FMA is not the only way in which inlining can affect results. Another problem is with intermediate precision of results. However, in my experience, disabling cross-statement FMA fusion allows pretty extensive refactorings without changing results. The specifics of FMA fusion depend strongly on the language spec, the compiler and the hardware, so your mileage may vary.
Further Resources
-
A note: Most content online about floating point consistency was written before AVX was widely established. Issues arising from non-specified intermediate precision (e.g. Intels 80bit x87 FPU) were much more widespread back then.
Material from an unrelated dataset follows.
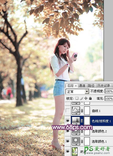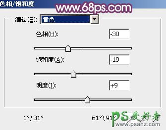3、创建色相/饱和度调整图层,对黄色进行调整,参数及效果如下图。这一步快速把图片中的黄色转为红褐色。
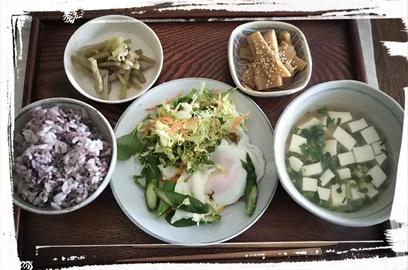 昼)目玉焼き/サラダ/フキの煮物/メンマ/味噌汁 ※久々に食べたくなった 目玉焼き。 私は、お醤油をかけて頂きます。 |

These problems are less relevant nowadays as compilers mostly emit AVX instructions with 32-bit intermediate precision for doing floating point math.
-
Prof Higham’s blog is a good introduction to floating point arithmetic.
-
Fabien Sanglard published the most intuitive explanation of the floating point format that I’ve ever come across.
-
I enjoyed the Handbook of Floating-Point Arithmetic, particularly the chapter called “Languages and Compilers”.
-
Bruce Dawson has a great series of blogposts about floating point consistency.
-
Yosefk’s blogpost “Consistency: how to defeat the purpose of IEEE floating point” talks about how IEEE was mainly written for HPC folk, who care more about performance and accuracy, than for game developers, who may care more about consistent outputs.